Featured post

Textbook: Writing for Statistics and Data Science

If you are looking for my textbook Writing for Statistics and Data Science here it is for free in the Open Educational Resource Commons. Wri...

Saturday 9 January 2016

Statistical Analysis: An Essay with Numbers

Statistical Analysis: An Essay with Numbers This is an attempt to make statistics more accessible to people from the humanities and social sciences by describing a statistical analysis as an essay, instead of something more arcane.

A complete essay includes:

  1. A topic of which the essay is about.
  2. A thesis, which is a claim you make at the beginning and back up later with…
  3. Descriptions and extra information to clarify your point, which motivates your…
  4. Supporting evidence, which draws on work from external sources, lending weight to your…
  5. Conclusion and summary of the essay.

A statistical analysis includes:
  1. Some data upon which the analysis is performed.
  2. A hypothesis, which is a claim you are checking to see if you can make.
  3. Descriptive statistics, which support your ability to make assumptions and do a…
  4. Hypothesis test, which draws on math from external sources and lets you provide a…
  5. Conclusion and explanation of the results.

In greater detail:
  1. The purpose of essays and analyses is to improve understanding of their topic or data respectively. They both should save the reader the trouble of having to dig through the raw information to find the important parts.
  2. Hypo-thesis means ‘less than thesis’. A hypothesis is a claim we could be making; a thesis is one we are making. It’s less than a full thesis until we test it.

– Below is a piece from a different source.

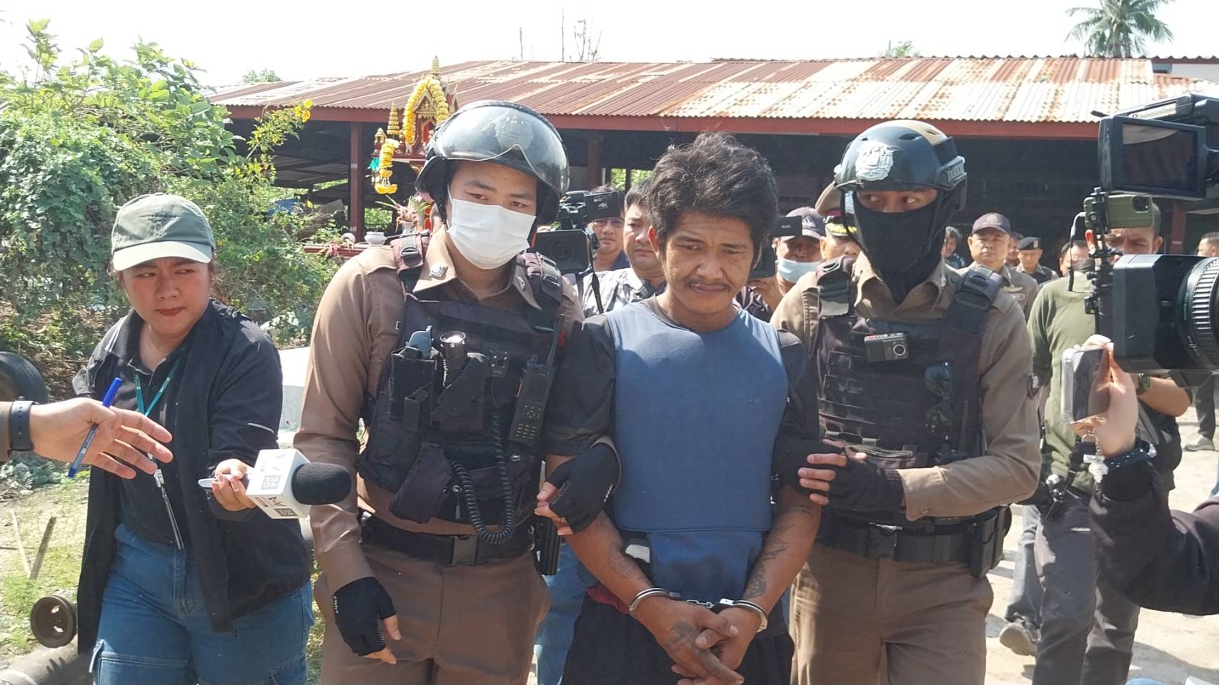 ผกก.สภ.ลาดหลุมแก้ว นำกำลังตำรวจนับสิบนายคุมตัว แอล ผู้ต้องหายิงกู้ภัยชลบุรีชี้จุดเกิดเหตุย่านระแหง เจ้าตัวหลั่งน้ำตากอดญาติภรรยา ก่อนเกิดเหตุวุ่นหน้าห้องขัง อ้างเครียดอยากพบหน้าลูกและกังวลเรื่องประกันตัว

    In an essay, we want the thesis statement to be packed into a single sentence or phrase. That statement should be explicit/clear but short. A thesis statement has formality to it. It should be easy to spot. A hypothesis is also very short and exact; it has rules. A hypothesis of no difference, or null hypothesis, is almost always in the form “this equals that” or “all of these are equal”, but with certain Greek letters.

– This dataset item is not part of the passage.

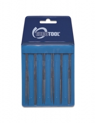Set of 12 extra-fine needle files allows you to get into tight spots. All are 4" (100mm) long and cut 2. This is the smallest set available and a must for fine work. Use file handle HAN-739.00 with this set.
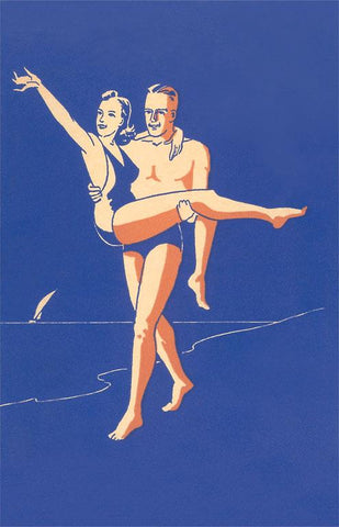 TS-304 Man Carrying Woman in Bathing Suit - Vintage Image

  3. The term ‘descriptive stats’ is being stretched to include all key information about the data. For example “Is it in categories, if so do those categories have a specific order like disagree-neutral-agree? Are there any pieces of data that are much different from the rest?” You need facts like these to understand what the data is, and know what to do with the data to test your hypothesis.

    Descriptive statistics is an ideal starting point for learning stats, because the information is self contained and people usually have some exposure to it already. We can say “the average height of a Canadian adult male is 175cm” and be understood even with training in stats.

  4. Hypothesis tests (or statistical tests) are used to determine if the data matches the hypothesis. In a statistical analysis we might say “according to Fisher’s Exact Test these two things are not independent”, Fisher’s Exact Test is the name of the test, and we’re referring to it much like we would refer to external source like “According to Fisher, Romeo ‘doesn’t really like Juliet’ (page 213)”. In both cases, the external reference is used to make the claim more legitimate.

    If the data doesn’t match the hypothesis, we reject that hypothesis. However, like in most sciences, we can almost never prove a hypothesis correct, but only disprove or fail to disprove it. For example, if your hypothesis was that unicorns don’t exist, it could be disproved by finding one, but not proven the hypothesis by failing to find a unicorn.

  5. An essay’s conclusion should reword the thesis statement and summarize the essay body around it. The conclusion of a statistical analysis should state whether the hypothesis is to be rejected and include any concerns or observations relating to that decision.